_Exercise prompt_.
From the first line to the last, restate the records word for word, skipping the pictures.

[Dataset entries]

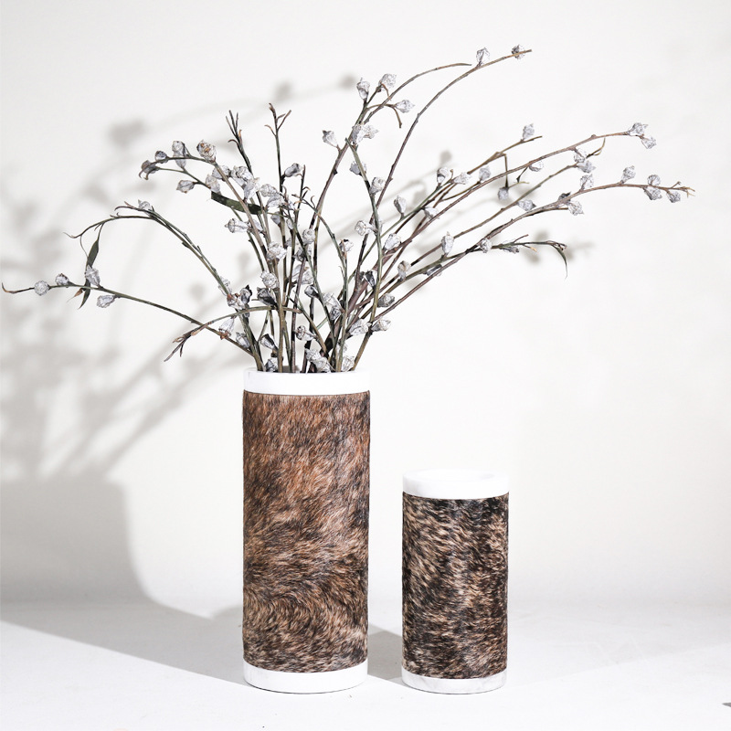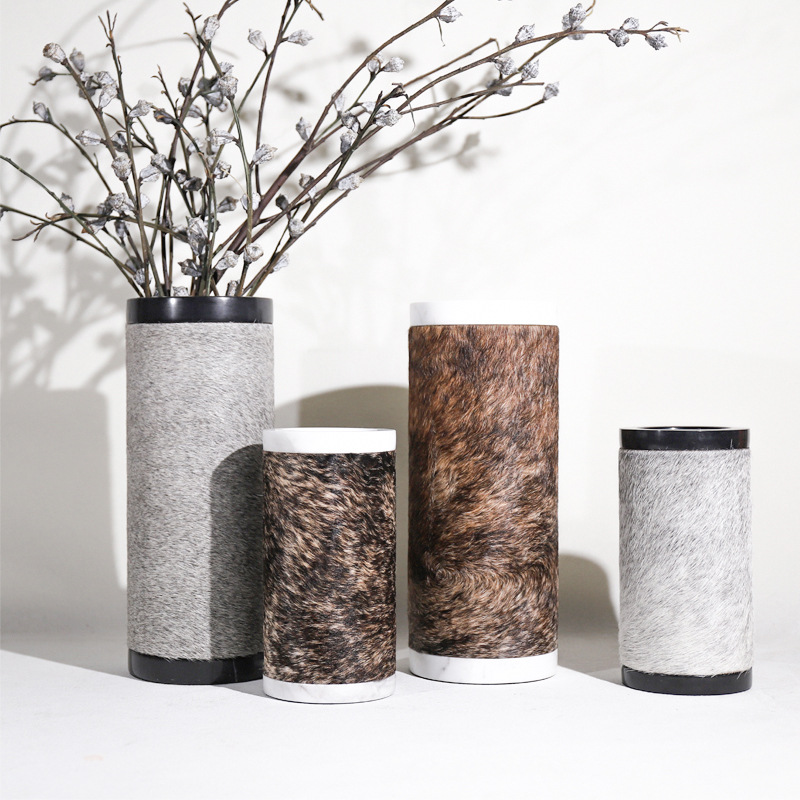 European Marble Flower Vases,Genuine Leather Horse Hair Vases,Sales Department Coffee Table,Flower Vases,Home Entrance,Living Room,Soft Decoration Flower Arrangements
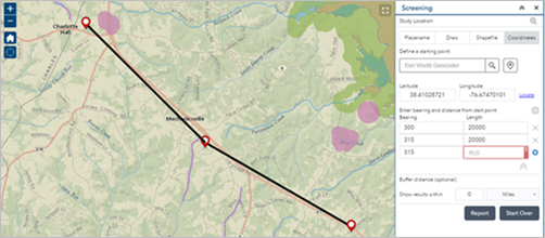 The Screening widget allows you to define an area of interest and analyze specified layers for potential impacts. The area of interest can be defined through a place name search, by drawing on the map, by uploading a shapefile, or by entering a traverse with coordinate and distance pairs. Analysis results can be inspected in the widget and, optionally, shared via a printed report, CSV file download, or feature download.
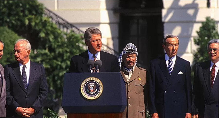 1993'te Filistin Kurtuluş Örgütü (FKÖ) Başkanı Yaser Arafat, İsrail Başbakanı İzak Rabin'e bir mektup yazarak, Filistin halkı adına İsrail'i ve saldırı ve tehditlerden uzak bir şekilde var olma hakkını tanıdığını teyit etti.
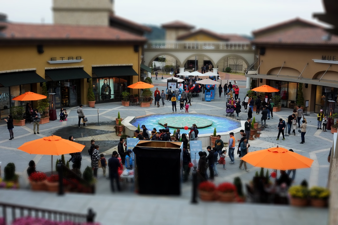 유럽 모방풍의 건물로 이뤄진 쇼핑 센터입니다
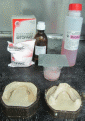Для получения разъёмной гипсовой пресс – формы, в которой происходит полимеризация базисной пластмассы «Фторакс», производят два замешивания гипса с необходимым интервалом времени между ними. Таким образом, полученная гипсовая пресс – форма состоит из двух частей, что позволяет после удаления воскового базиса раскрыть кювету (гипсовую пресс – форму), провести визуальную оценку качества удаления воска и в последующем заполнении (формовку) заранее приготовленной полимер – мономерной композицией.
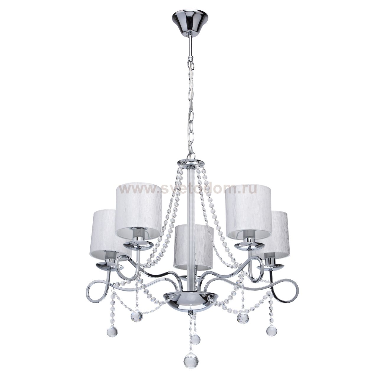 Люстра из коллекции «Федерика» очаровывает своей изящной красотой. Хромированное металлическое основание дополнено оригинальными витыми рожками того же оттенка. Тканевые абажуры выполнены из парчи серебряного цвета, их нежный тон наполнит обстановку гармонией и легкостью. Продуманный элегантный декор центральной части светильника выполнен из прозрачного стекла, а ниспадающие хрустальные подвесы придают композиции ещё большую воздушность и легкость. Эффектные сочетания делают люстру достойной самых изысканных интерьеров.
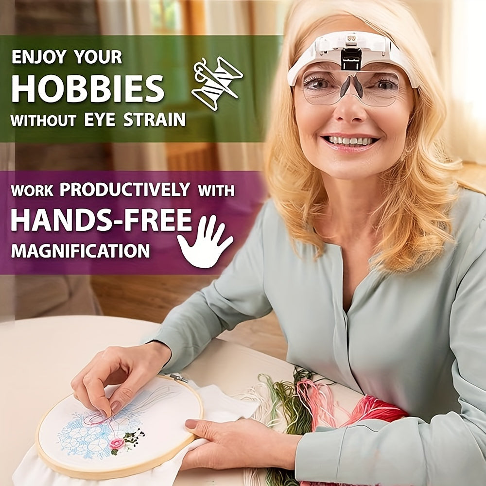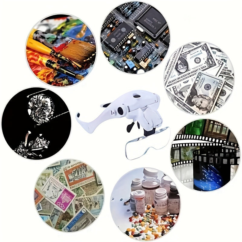 Hands-Free Convenience: Designed with a comfortable headband, this magnifier ensures hands-free operation, allowing you to focus on your work without holding a magnifying glass. It's ideal for tasks that require precision, such as electronics repair, watchmaking, model building, or reading small text.
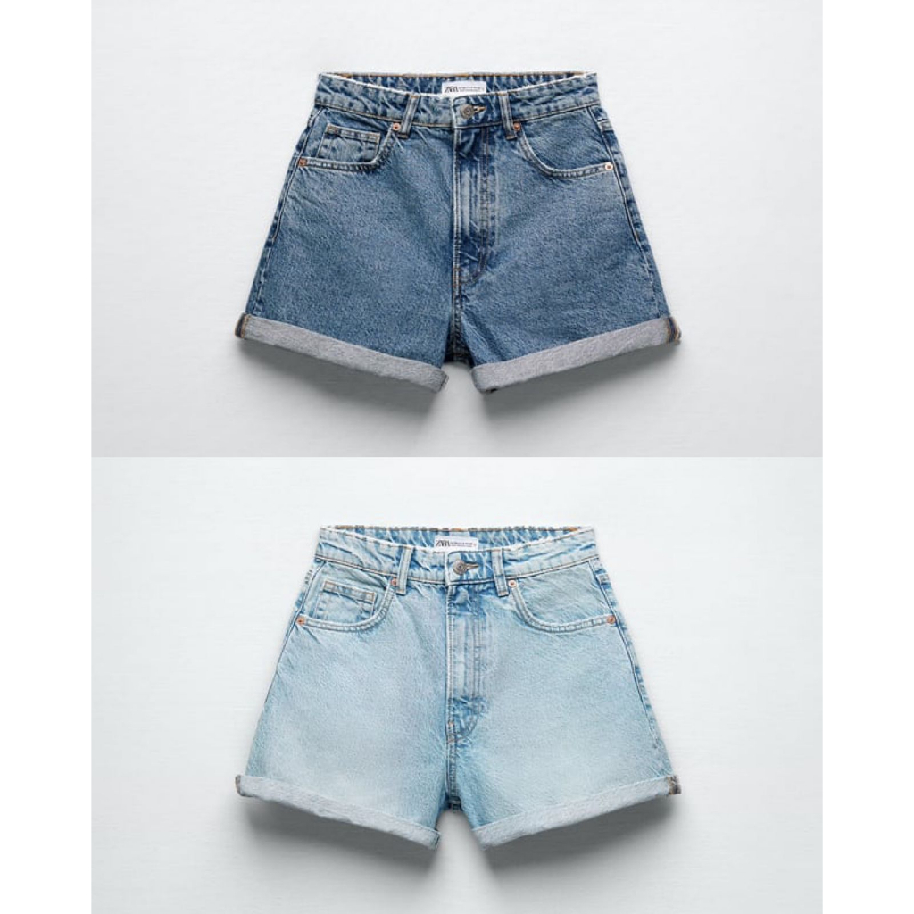 High-waist rigid Bermuda shorts with five pockets. Turn-up hems. Zip fly and metal button fastening on the front.

_Task output_.
 European Marble Flower Vases,Genuine Leather Horse Hair Vases,Sales Department Coffee Table,Flower Vases,Home Entrance,Living Room,Soft Decoration Flower Arrangements
 The Screening widget allows you to define an area of interest and analyze specified layers for potential impacts. The area of interest can be defined through a place name search, by drawing on the map, by uploading a shapefile, or by entering a traverse with coordinate and distance pairs. Analysis results can be inspected in the widget and, optionally, shared via a printed report, CSV file download, or feature download.
 1993'te Filistin Kurtuluş Örgütü (FKÖ) Başkanı Yaser Arafat, İsrail Başbakanı İzak Rabin'e bir mektup yazarak, Filistin halkı adına İsrail'i ve saldırı ve tehditlerden uzak bir şekilde var olma hakkını tanıdığını teyit etti.
 유럽 모방풍의 건물로 이뤄진 쇼핑 센터입니다
Для получения разъёмной гипсовой пресс – формы, в которой происходит полимеризация базисной пластмассы «Фторакс», производят два замешивания гипса с необходимым интервалом времени между ними. Таким образом, полученная гипсовая пресс – форма состоит из двух частей, что позволяет после удаления воскового базиса раскрыть кювету (гипсовую пресс – форму), провести визуальную оценку качества удаления воска и в последующем заполнении (формовку) заранее приготовленной полимер – мономерной композицией.
 Люстра из коллекции «Федерика» очаровывает своей изящной красотой. Хромированное металлическое основание дополнено оригинальными витыми рожками того же оттенка. Тканевые абажуры выполнены из парчи серебряного цвета, их нежный тон наполнит обстановку гармонией и легкостью. Продуманный элегантный декор центральной части светильника выполнен из прозрачного стекла, а ниспадающие хрустальные подвесы придают композиции ещё большую воздушность и легкость. Эффектные сочетания делают люстру достойной самых изысканных интерьеров.
 Hands-Free Convenience: Designed with a comfortable headband, this magnifier ensures hands-free operation, allowing you to focus on your work without holding a magnifying glass. It's ideal for tasks that require precision, such as electronics repair, watchmaking, model building, or reading small text.
 High-waist rigid Bermuda shorts with five pockets. Turn-up hems. Zip fly and metal button fastening on the front.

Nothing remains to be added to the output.